Records supplied ▸
[Start of Attachment]

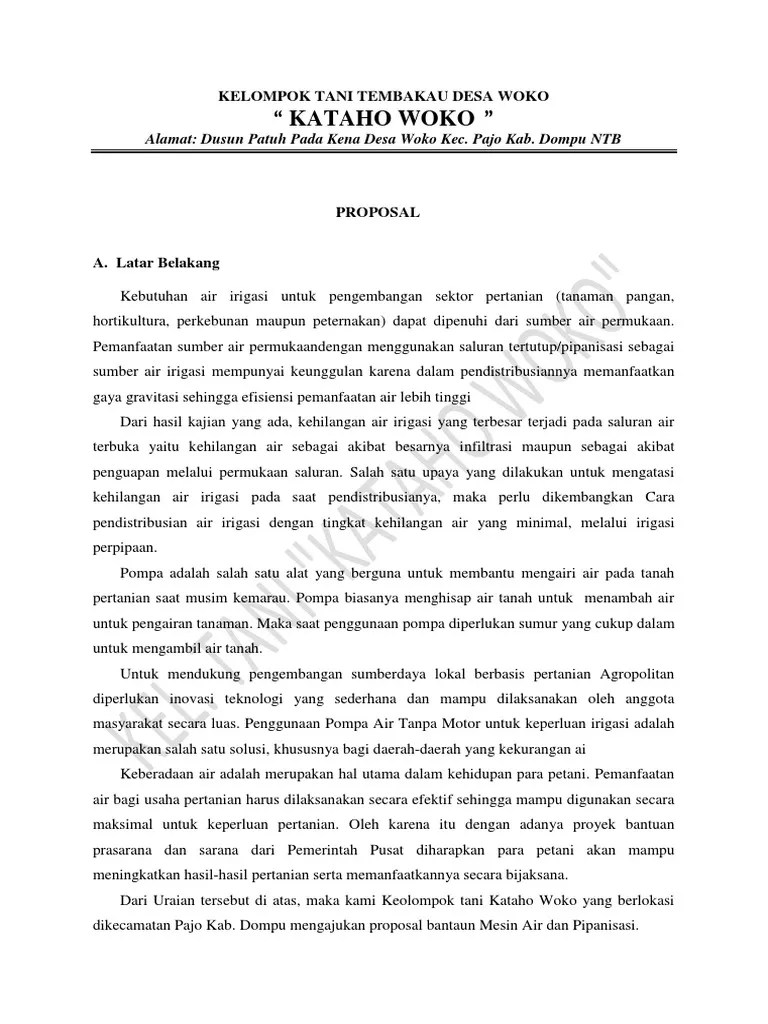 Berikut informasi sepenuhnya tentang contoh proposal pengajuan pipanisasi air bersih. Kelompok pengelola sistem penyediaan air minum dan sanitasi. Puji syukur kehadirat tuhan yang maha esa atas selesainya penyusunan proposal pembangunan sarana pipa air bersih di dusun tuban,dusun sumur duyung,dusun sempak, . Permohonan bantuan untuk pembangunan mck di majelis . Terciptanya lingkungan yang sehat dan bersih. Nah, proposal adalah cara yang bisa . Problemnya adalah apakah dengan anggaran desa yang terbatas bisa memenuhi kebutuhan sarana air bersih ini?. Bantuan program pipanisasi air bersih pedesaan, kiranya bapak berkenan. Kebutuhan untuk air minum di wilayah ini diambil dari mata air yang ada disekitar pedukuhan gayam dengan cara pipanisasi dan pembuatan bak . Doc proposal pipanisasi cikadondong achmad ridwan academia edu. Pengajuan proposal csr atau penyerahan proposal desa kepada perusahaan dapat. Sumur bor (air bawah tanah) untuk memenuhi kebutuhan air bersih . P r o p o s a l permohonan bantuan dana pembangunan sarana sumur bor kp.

[End of Attachment]
[Start of Attachment]

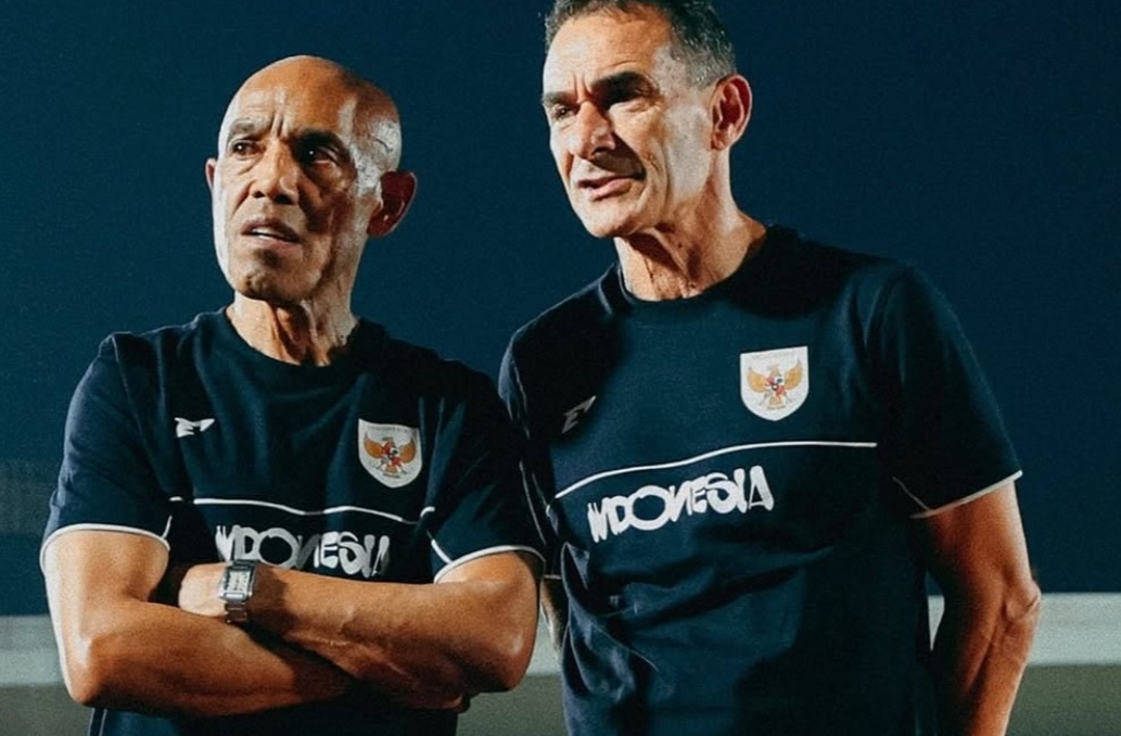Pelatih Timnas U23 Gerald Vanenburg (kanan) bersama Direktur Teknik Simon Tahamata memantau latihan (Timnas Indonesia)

[End of Attachment]
[Start of Attachment]

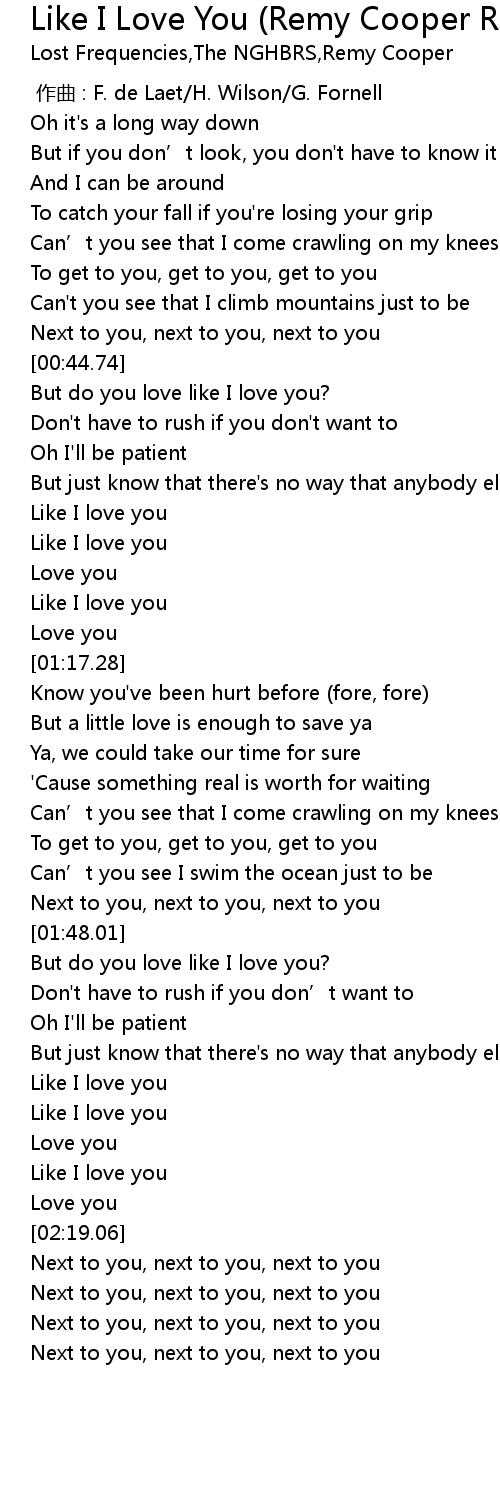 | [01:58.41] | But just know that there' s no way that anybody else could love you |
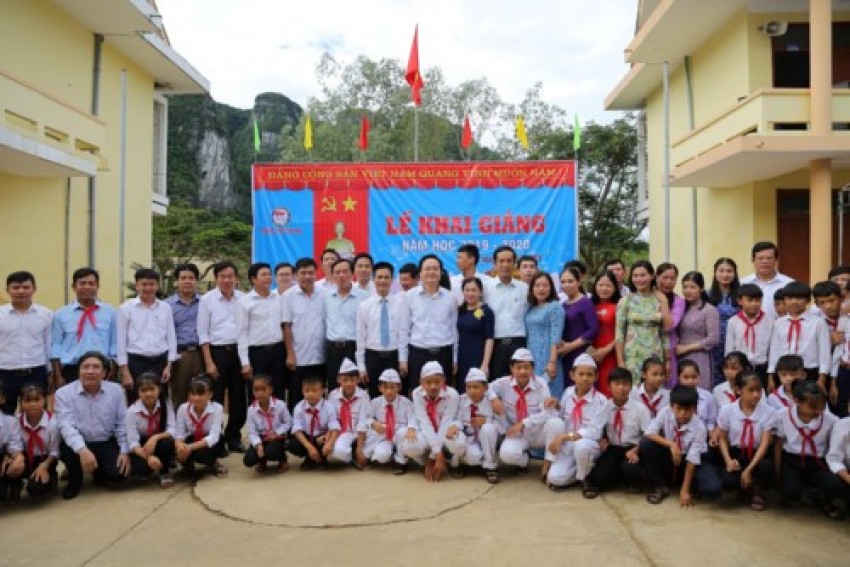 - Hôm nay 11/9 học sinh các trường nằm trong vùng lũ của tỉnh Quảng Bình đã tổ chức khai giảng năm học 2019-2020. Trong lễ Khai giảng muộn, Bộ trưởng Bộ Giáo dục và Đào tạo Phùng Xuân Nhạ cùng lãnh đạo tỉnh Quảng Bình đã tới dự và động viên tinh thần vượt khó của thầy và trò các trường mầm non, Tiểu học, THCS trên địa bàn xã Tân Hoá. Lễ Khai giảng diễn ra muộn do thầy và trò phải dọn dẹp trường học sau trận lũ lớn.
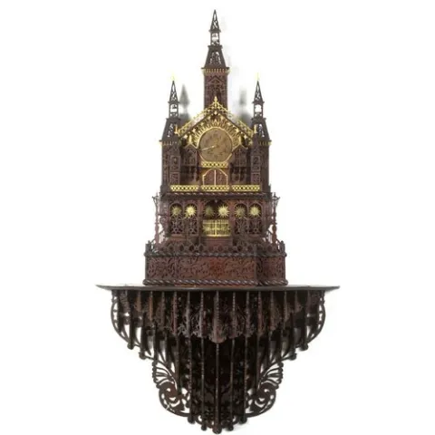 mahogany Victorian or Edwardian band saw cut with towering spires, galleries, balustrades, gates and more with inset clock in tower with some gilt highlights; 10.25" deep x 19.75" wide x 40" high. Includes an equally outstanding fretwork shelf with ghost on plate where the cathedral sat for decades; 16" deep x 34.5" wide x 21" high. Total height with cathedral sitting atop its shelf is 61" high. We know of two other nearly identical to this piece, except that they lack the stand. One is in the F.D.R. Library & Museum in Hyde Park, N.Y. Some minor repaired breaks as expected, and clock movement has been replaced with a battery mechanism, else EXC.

[End of Attachment]

Work request ▸
What you write out is the stretch of entries from the line containing "could love you |" to the line containing "- Hôm nay 11/9", word for word, with both end lines and no pictures.

Written response ▸
 | [01:58.41] | But just know that there' s no way that anybody else could love you |
 - Hôm nay 11/9 học sinh các trường nằm trong vùng lũ của tỉnh Quảng Bình đã tổ chức khai giảng năm học 2019-2020. Trong lễ Khai giảng muộn, Bộ trưởng Bộ Giáo dục và Đào tạo Phùng Xuân Nhạ cùng lãnh đạo tỉnh Quảng Bình đã tới dự và động viên tinh thần vượt khó của thầy và trò các trường mầm non, Tiểu học, THCS trên địa bàn xã Tân Hoá. Lễ Khai giảng diễn ra muộn do thầy và trò phải dọn dẹp trường học sau trận lũ lớn.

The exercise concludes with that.